REQUIREMENT.
Retype, word for word, every line starting at the line with "великій сцені амфітеатру." and ending with the final line of the entries; skip the pictures.

Dataset records
*** Block opens ***

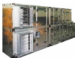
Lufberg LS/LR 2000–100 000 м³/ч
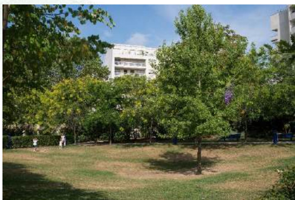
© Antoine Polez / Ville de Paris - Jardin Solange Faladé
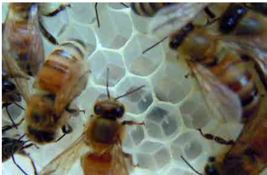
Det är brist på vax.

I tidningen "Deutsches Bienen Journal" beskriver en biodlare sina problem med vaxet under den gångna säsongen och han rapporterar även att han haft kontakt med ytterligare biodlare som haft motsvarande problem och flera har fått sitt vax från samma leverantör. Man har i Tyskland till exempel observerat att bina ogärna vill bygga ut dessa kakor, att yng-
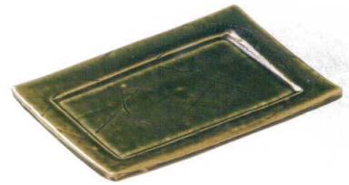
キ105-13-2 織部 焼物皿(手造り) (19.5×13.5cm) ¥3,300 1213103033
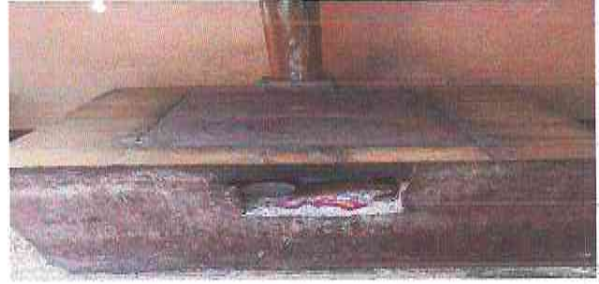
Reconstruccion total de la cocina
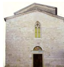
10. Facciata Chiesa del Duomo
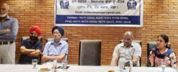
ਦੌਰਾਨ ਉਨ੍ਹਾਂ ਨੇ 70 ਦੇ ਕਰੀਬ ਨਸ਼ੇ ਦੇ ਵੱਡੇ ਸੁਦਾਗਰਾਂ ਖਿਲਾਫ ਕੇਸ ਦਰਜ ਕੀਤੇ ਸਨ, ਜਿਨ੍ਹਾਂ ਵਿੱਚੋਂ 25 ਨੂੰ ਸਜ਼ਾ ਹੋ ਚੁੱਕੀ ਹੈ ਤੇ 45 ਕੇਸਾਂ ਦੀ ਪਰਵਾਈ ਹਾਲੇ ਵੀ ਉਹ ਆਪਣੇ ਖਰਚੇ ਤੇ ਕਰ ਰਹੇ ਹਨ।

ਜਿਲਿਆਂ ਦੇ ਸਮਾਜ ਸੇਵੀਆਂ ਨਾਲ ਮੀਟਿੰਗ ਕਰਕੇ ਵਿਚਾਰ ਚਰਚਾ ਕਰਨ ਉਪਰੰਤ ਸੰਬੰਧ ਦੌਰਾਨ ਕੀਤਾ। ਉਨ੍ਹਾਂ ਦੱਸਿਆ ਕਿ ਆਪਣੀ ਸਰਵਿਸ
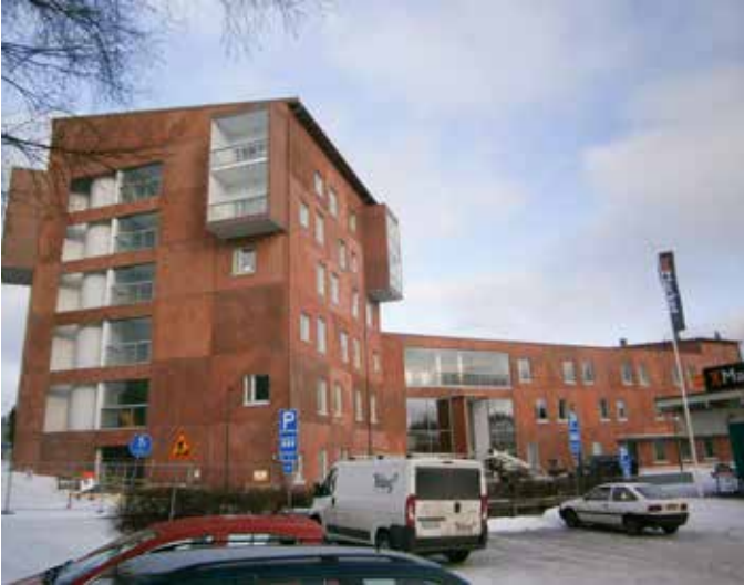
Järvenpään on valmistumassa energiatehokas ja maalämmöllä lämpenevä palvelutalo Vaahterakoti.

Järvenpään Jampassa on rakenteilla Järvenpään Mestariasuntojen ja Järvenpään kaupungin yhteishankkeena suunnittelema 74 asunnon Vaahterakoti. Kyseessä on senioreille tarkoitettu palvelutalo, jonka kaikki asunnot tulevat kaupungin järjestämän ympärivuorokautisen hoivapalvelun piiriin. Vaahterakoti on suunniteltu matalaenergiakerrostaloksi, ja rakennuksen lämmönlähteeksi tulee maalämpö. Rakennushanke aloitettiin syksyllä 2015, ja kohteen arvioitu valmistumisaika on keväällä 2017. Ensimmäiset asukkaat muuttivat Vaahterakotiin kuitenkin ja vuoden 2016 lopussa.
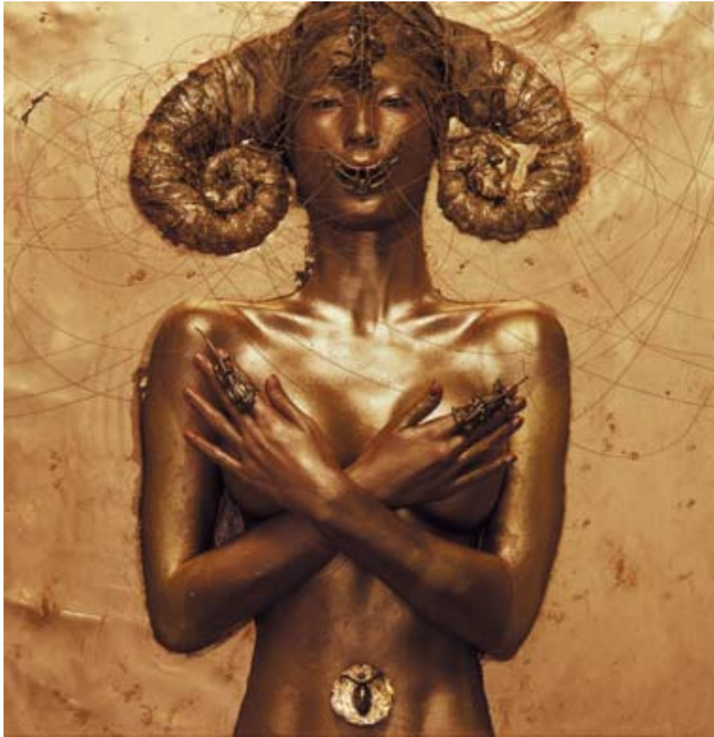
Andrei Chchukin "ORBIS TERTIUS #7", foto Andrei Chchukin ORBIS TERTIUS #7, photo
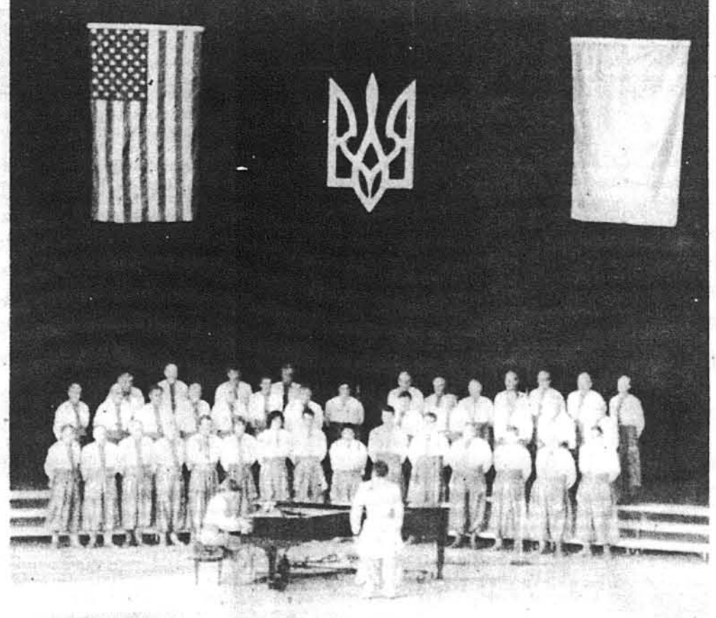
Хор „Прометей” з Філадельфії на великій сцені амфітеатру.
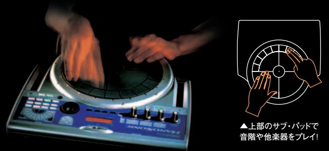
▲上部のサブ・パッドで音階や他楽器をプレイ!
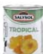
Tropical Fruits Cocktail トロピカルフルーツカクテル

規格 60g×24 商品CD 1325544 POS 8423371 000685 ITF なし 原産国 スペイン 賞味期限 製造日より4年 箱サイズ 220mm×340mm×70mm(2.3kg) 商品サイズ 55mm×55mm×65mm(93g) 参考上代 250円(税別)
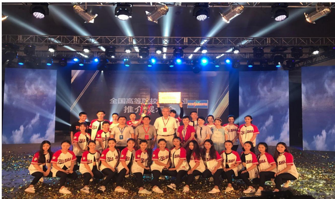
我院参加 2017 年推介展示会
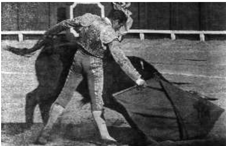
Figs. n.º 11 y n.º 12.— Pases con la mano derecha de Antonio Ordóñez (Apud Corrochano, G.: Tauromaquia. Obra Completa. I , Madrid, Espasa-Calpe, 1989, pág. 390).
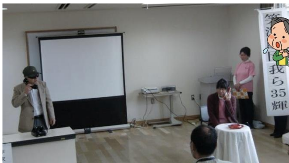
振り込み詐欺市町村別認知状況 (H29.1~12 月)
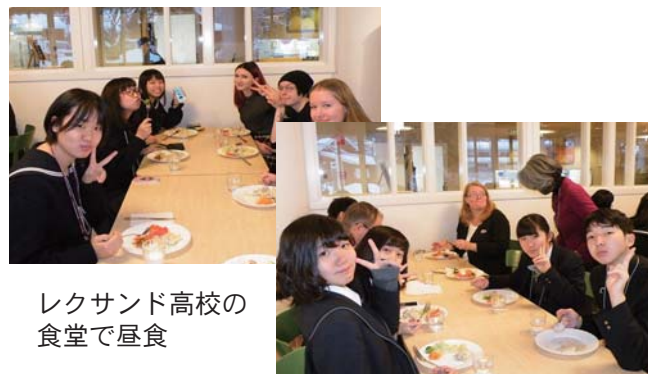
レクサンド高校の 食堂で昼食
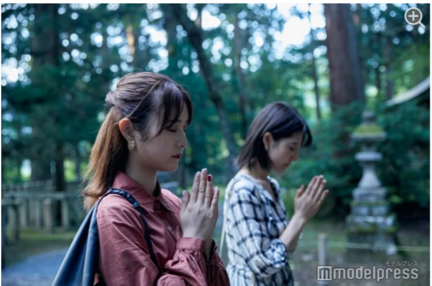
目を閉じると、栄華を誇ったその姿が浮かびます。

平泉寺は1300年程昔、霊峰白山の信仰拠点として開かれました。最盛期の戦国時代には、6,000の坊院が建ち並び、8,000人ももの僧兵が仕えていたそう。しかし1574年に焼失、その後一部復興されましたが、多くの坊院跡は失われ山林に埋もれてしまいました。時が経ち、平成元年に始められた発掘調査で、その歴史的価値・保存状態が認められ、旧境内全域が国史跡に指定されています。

*** Block closes ***

EXERCISE RESULT.
Хор „Прометей” з Філадельфії на великій сцені амфітеатру.
▲上部のサブ・パッドで音階や他楽器をプレイ!
Tropical Fruits Cocktail トロピカルフルーツカクテル

規格 60g×24 商品CD 1325544 POS 8423371 000685 ITF なし 原産国 スペイン 賞味期限 製造日より4年 箱サイズ 220mm×340mm×70mm(2.3kg) 商品サイズ 55mm×55mm×65mm(93g) 参考上代 250円(税別)
我院参加 2017 年推介展示会
Figs. n.º 11 y n.º 12.— Pases con la mano derecha de Antonio Ordóñez (Apud Corrochano, G.: Tauromaquia. Obra Completa. I , Madrid, Espasa-Calpe, 1989, pág. 390).
振り込み詐欺市町村別認知状況 (H29.1~12 月)
レクサンド高校の 食堂で昼食
目を閉じると、栄華を誇ったその姿が浮かびます。

平泉寺は1300年程昔、霊峰白山の信仰拠点として開かれました。最盛期の戦国時代には、6,000の坊院が建ち並び、8,000人ももの僧兵が仕えていたそう。しかし1574年に焼失、その後一部復興されましたが、多くの坊院跡は失われ山林に埋もれてしまいました。時が経ち、平成元年に始められた発掘調査で、その歴史的価値・保存状態が認められ、旧境内全域が国史跡に指定されています。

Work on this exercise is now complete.